▸ EXERCISE DESCRIPTION: Repeat the records below exactly from the line containing "Multi Sparkle Butterfly" to the line containing "2 tier marble", taking in both of those lines. Drop the pictures.
--
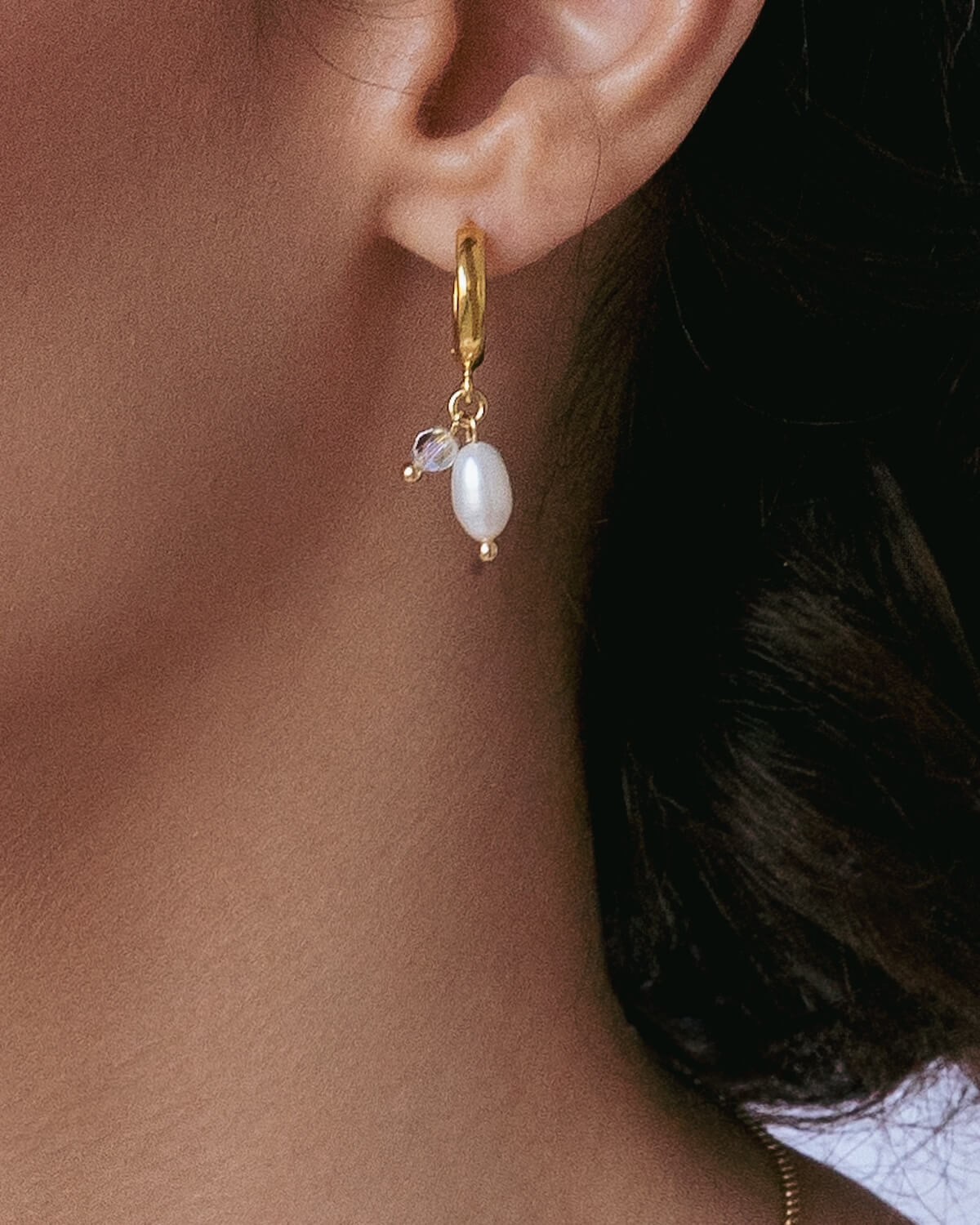 Unsere Creolen ALEXIS vereinen Glitzerdetails mit der zeitlosen Schönheit von echten Süßwasserperlen. Der perfekte Ohrschmuck für die Braut, die sich ein modernes Schmuckstück mit feinen Details wünscht. Hergestellt aus 925er Sterling Silber bieten die Creolen eine lange Lebensdauer sowie einen angenehmen Tragekomfort.
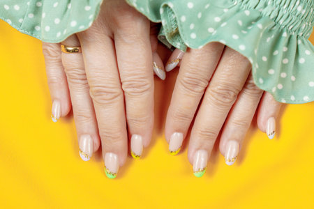 Female hands with beautiful manicure on yellow background. Manicure design.
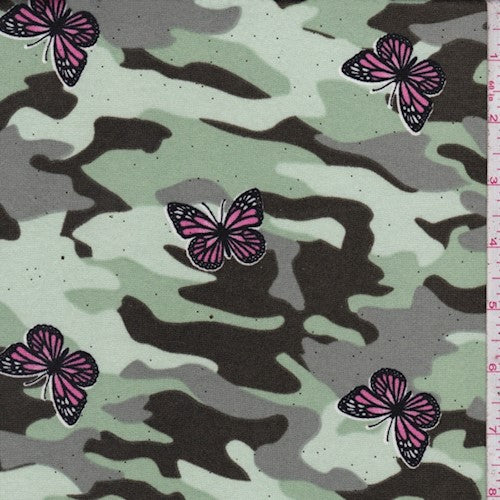 Multi Sparkle Butterfly Camo Double Brushed ITY Knit Fabric
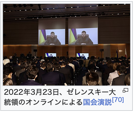 2022年3月23日、ゼレンスキー大統領は衆議院議員会館にある国際会議室と多目的ホールでオンライン演説を行った。海外の要人の国会演説では初めてオンライン形式によるものだった。ウクライナ語で話す演説の内容は、在日ウクライナ大使館の同時通訳で伝えられた[71][72][73]
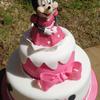 2 tier marble cake with bc icing, covered in fondant with fondant bow. Rice crispie mini body, with a styrafoam head, all of mini is covered in fondant. Head, and ribbon are the only none edible parts.
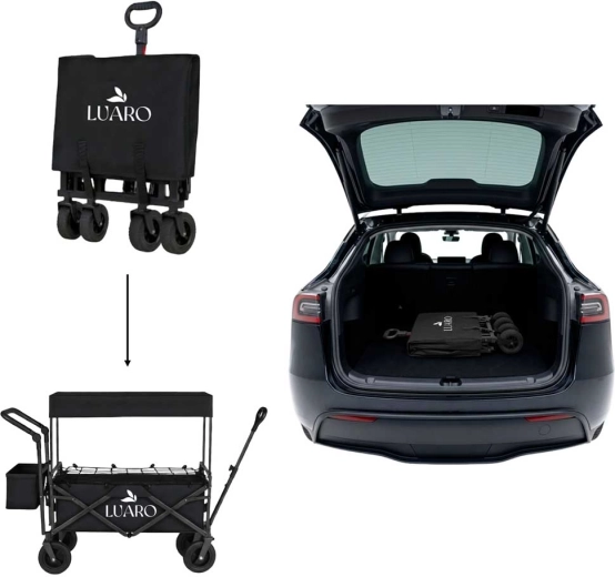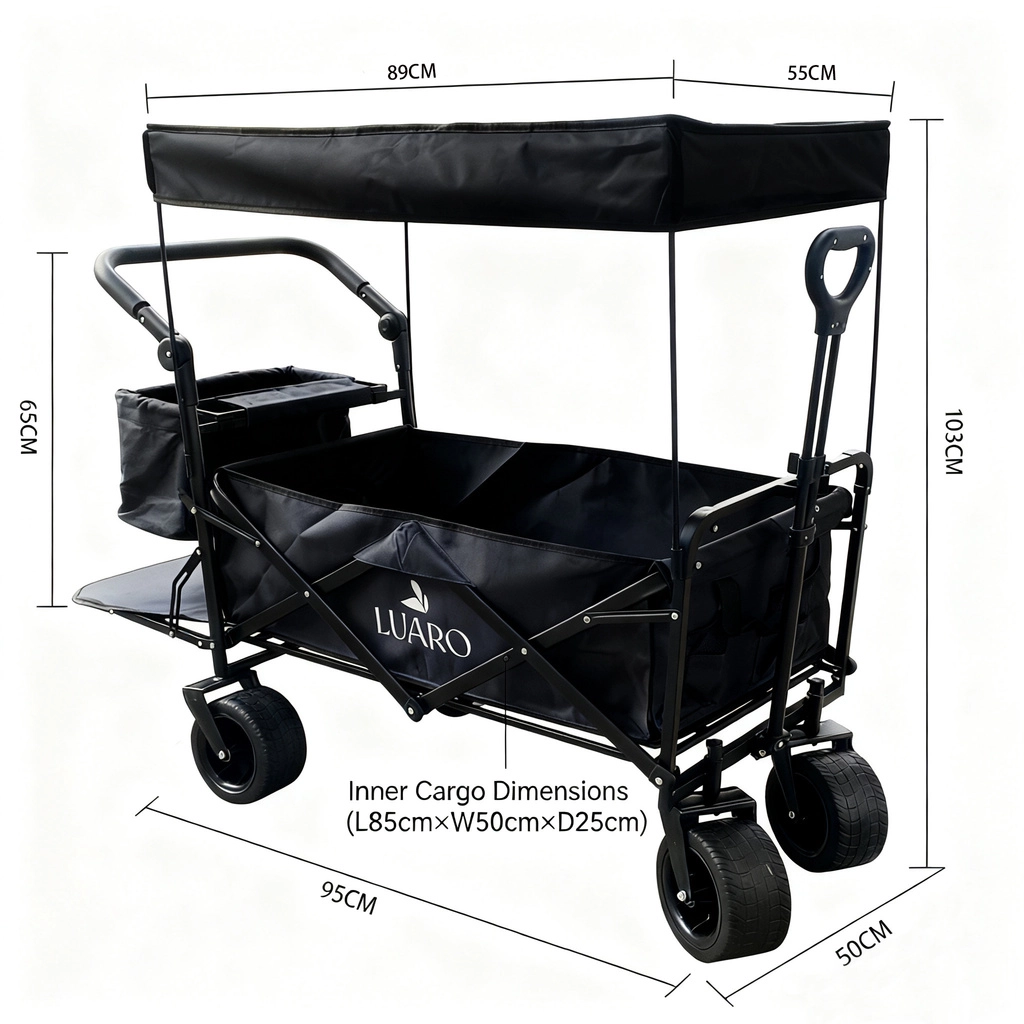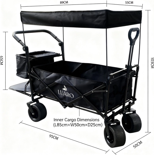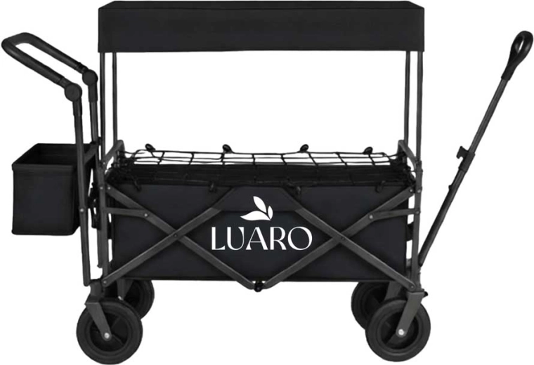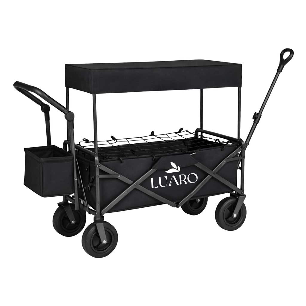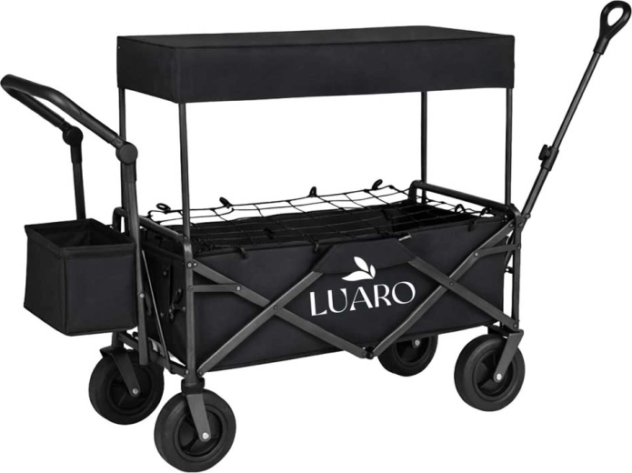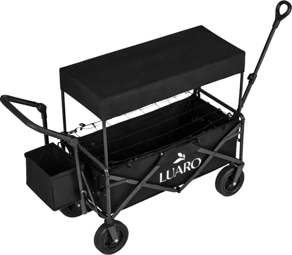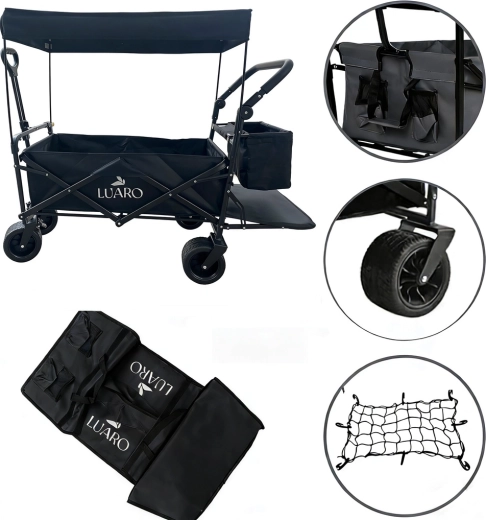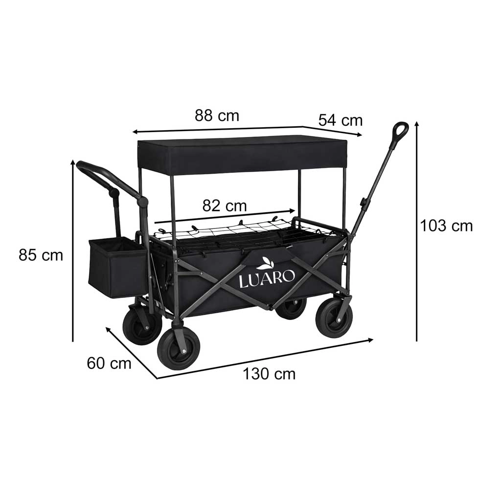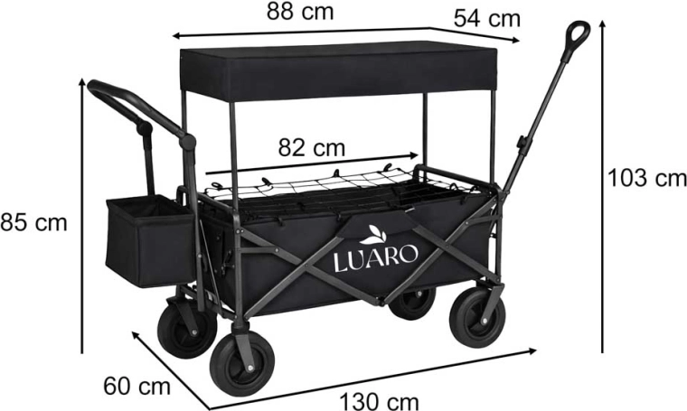Le chariot pliable LUARO avec auvent est idéal pour la plage, le camping et le jardin. Il offre un grand volume, une structure en acier robuste, de larges roues tout-terrain et une manipulation confortable grâce à une poignée télescopique pour tirer et une poignée arrière pour pousser. Sont inclus un auvent de protection amovible, un filet de maintien de charge et un sac latéral additionnel pour une meilleure organisation.
--
▸ WRITTEN ANSWER:
 Multi Sparkle Butterfly Camo Double Brushed ITY Knit Fabric
 2022年3月23日、ゼレンスキー大統領は衆議院議員会館にある国際会議室と多目的ホールでオンライン演説を行った。海外の要人の国会演説では初めてオンライン形式によるものだった。ウクライナ語で話す演説の内容は、在日ウクライナ大使館の同時通訳で伝えられた[71][72][73]
 2 tier marble cake with bc icing, covered in fondant with fondant bow. Rice crispie mini body, with a styrafoam head, all of mini is covered in fondant. Head, and ribbon are the only none edible parts.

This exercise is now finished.